Now perform the same as before:
- Feature Scaling
- Feature Selection


In [3]:
#your code here

# Imputar valores faltantes con SimpleImputer (moda para variables categóricas y media para numéricas)
imputer_cat = SimpleImputer(strategy='most_frequent')  # Variables categóricas
spaceship[['HomePlanet', 'CryoSleep', 'Cabin', 'Destination', 'VIP']] = imputer_cat.fit_transform(
    spaceship[['HomePlanet', 'CryoSleep', 'Cabin', 'Destination', 'VIP']])

imputer_num = SimpleImputer(strategy='mean')  # Variables numéricas
spaceship[['Age', 'RoomService', 'FoodCourt', 'ShoppingMall', 'Spa', 'VRDeck']] = imputer_num.fit_transform(
    spaceship[['Age', 'RoomService', 'FoodCourt', 'ShoppingMall', 'Spa', 'VRDeck']])

# Convertir variables categóricas a numéricas usando One-Hot Encoding
spaceship = pd.get_dummies(spaceship, columns=['HomePlanet', 'CryoSleep', 'Cabin', 'Destination', 'VIP'], drop_first=True)

# Separar características (X) y etiquetas (y)
X = spaceship.drop(['PassengerId', 'Name', 'Transported'], axis=1)
y = spaceship['Transported'].astype(int)

# Escalar las características numéricas
scaler = StandardScaler()
X_scaled = scaler.fit_transform(X)

**Perform Train Test Split**

In [4]:
#your code here

# División en conjunto de entrenamiento y prueba
X_train, X_test, y_train, y_test = train_test_split(X_scaled, y, test_size=0.2, random_state=42)

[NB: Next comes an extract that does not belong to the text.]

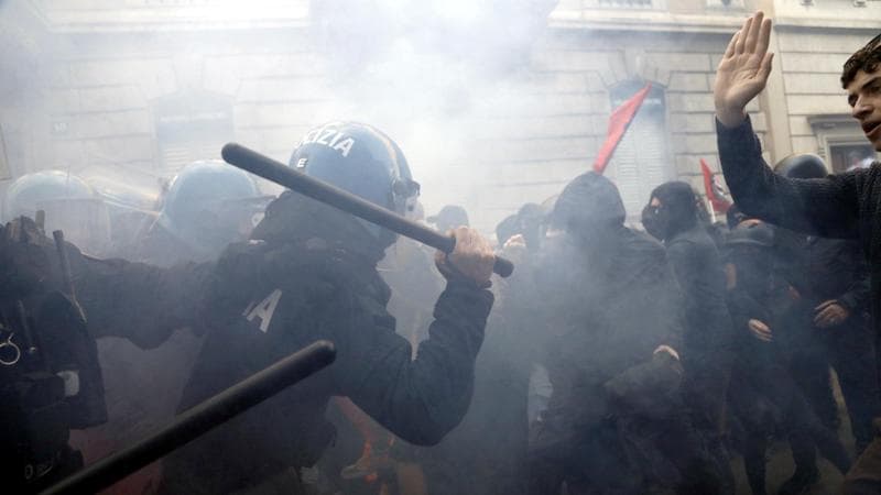 მილანში ულტრამემარჯვენეების წინააღმდეგ გამართული საპროტესტო აქციის დროს არეულობა დაიწყო - ვიდეო

**Model Selection** - now you will try to apply different ensemble methods in order to get a better model

- Bagging and Pasting

In [5]:
#your code here

# Bagging
bagging = BaggingClassifier(
    DecisionTreeClassifier(), n_estimators=100, max_samples=0.8, bootstrap=True, random_state=42)
bagging.fit(X_train, y_train)
y_pred_bagging = bagging.predict(X_test)

# Evaluación Bagging
bagging_accuracy = accuracy_score(y_test, y_pred_bagging)
bagging_f1 = f1_score(y_test, y_pred_bagging)
print(f"Bagging Accuracy: {bagging_accuracy:.2f}, F1 Score: {bagging_f1:.2f}")

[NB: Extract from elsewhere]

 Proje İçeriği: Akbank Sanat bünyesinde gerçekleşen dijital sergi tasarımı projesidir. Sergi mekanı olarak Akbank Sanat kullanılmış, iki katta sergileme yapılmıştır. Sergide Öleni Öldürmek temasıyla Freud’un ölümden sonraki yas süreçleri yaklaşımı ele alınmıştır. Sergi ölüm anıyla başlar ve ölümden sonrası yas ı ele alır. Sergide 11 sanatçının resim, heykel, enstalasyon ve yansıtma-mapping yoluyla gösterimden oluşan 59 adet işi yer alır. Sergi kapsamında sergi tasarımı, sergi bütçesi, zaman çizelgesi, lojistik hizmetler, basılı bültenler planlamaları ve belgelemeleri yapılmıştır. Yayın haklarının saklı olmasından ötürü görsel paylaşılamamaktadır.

# Pasting (bootstrap=False)
pasting = BaggingClassifier(
    DecisionTreeClassifier(), n_estimators=100, max_samples=0.8, bootstrap=False, random_state=42)
pasting.fit(X_train, y_train)
y_pred_pasting = pasting.predict(X_test)

# Evaluación Pasting
pasting_accuracy = accuracy_score(y_test, y_pred_pasting)
pasting_f1 = f1_score(y_test, y_pred_pasting)
print(f"Pasting Accuracy: {pasting_accuracy:.2f}, F1 Score: {pasting_f1:.2f}")

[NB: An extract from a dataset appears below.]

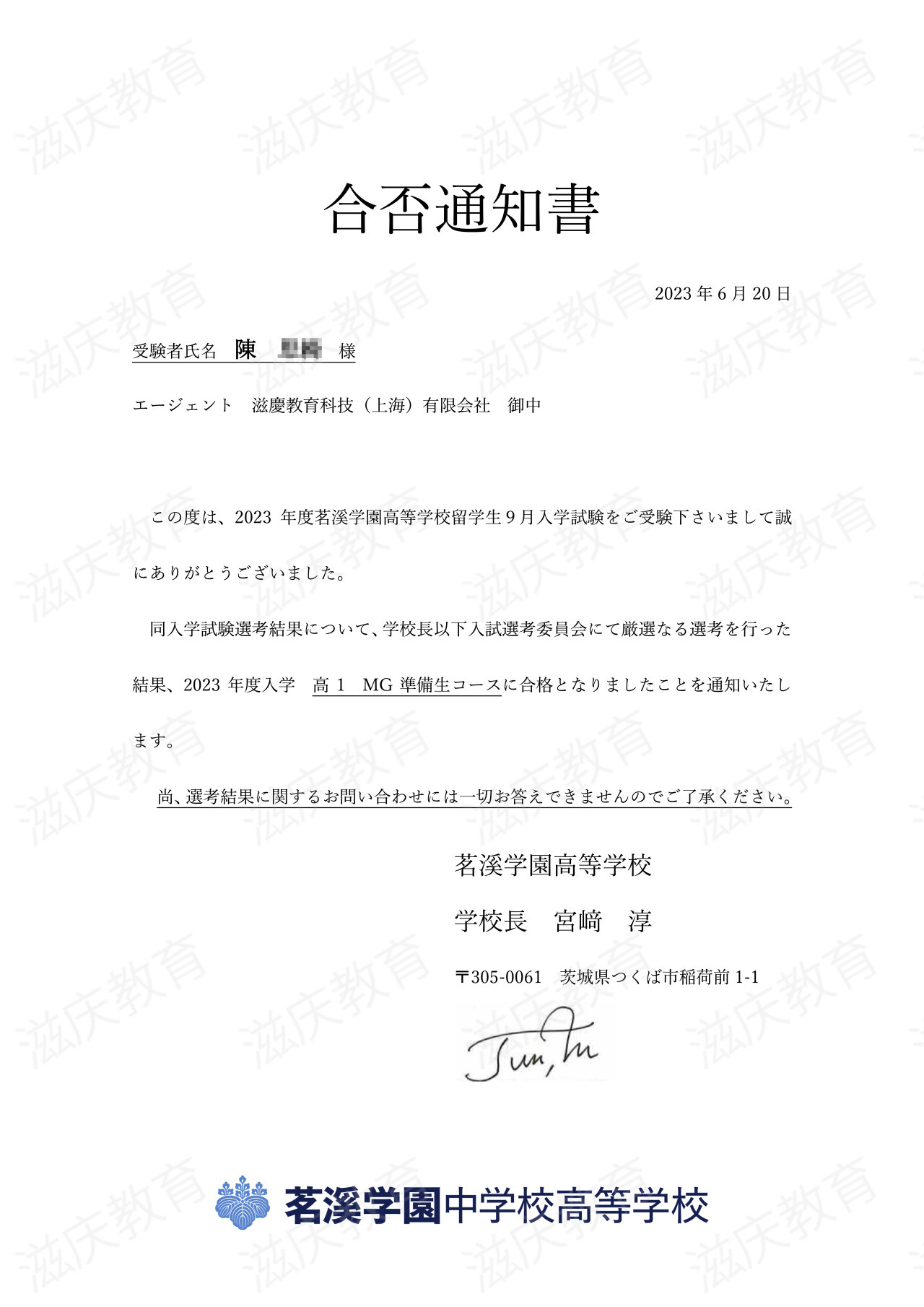 来自这个月末的好消息!我们滋庆今年申请23年8月高一下插班的两名学生,都获得了茗溪学园高等学校的录取!废话不多说,我们先上录取通知书给大家看一看!

Bagging Accuracy: 0.78, F1 Score: 0.79
Pasting Accuracy: 0.78, F1 Score: 0.79


- Random Forests

In [6]:
#your code here

# Librerías para Random Forest
from sklearn.ensemble import RandomForestClassifier

# Random Forest
rf = RandomForestClassifier(n_estimators=100, random_state=42)
rf.fit(X_train, y_train)
y_pred_rf = rf.predict(X_test)

# Evaluación Random Forest
rf_accuracy = accuracy_score(y_test, y_pred_rf)
rf_f1 = f1_score(y_test, y_pred_rf)
print(f"Random Forest Accuracy: {rf_accuracy:.2f}, F1 Score: {rf_f1:.2f}")


Random Forest Accuracy: 0.79, F1 Score: 0.79


- Gradient Boosting

In [7]:
#your code here

# Librerías para Gradient Boosting
from sklearn.ensemble import GradientBoostingClassifier

# Gradient Boosting
gb = GradientBoostingClassifier(n_estimators=100, random_state=42)
gb.fit(X_train, y_train)
y_pred_gb = gb.predict(X_test)

# Evaluación Gradient Boosting
gb_accuracy = accuracy_score(y_test, y_pred_gb)
gb_f1 = f1_score(y_test, y_pred_gb)
print(f"Gradient Boosting Accuracy: {gb_accuracy:.2f}, F1 Score: {gb_f1:.2f}")



Gradient Boosting Accuracy: 0.79, F1 Score: 0.80


- Adaptive Boosting

In [11]:
#your code here

# Usar el algoritmo SAMME en lugar de SAMME.R
ada = AdaBoostClassifier(n_estimators=100, algorithm='SAMME', random_state=42)
ada.fit(X_train, y_train)
y_pred_ada = ada.predict(X_test)

# Evaluación AdaBoost
ada_accuracy = accuracy_score(y_test, y_pred_ada)
ada_f1 = f1_score(y_test, y_pred_ada)
print(f"AdaBoost (SAMME) Accuracy: {ada_accuracy:.2f}, F1 Score: {ada_f1:.2f}")


AdaBoost (SAMME) Accuracy: 0.77, F1 Score: 0.77


Which model is the best and why?

#comment here

Based on the results of the exercise, Gradient Boosting turned out to be the best performing model, achieving an accuracy of 0.79 and an F1 score of 0.80, which are the highest among all the models tested.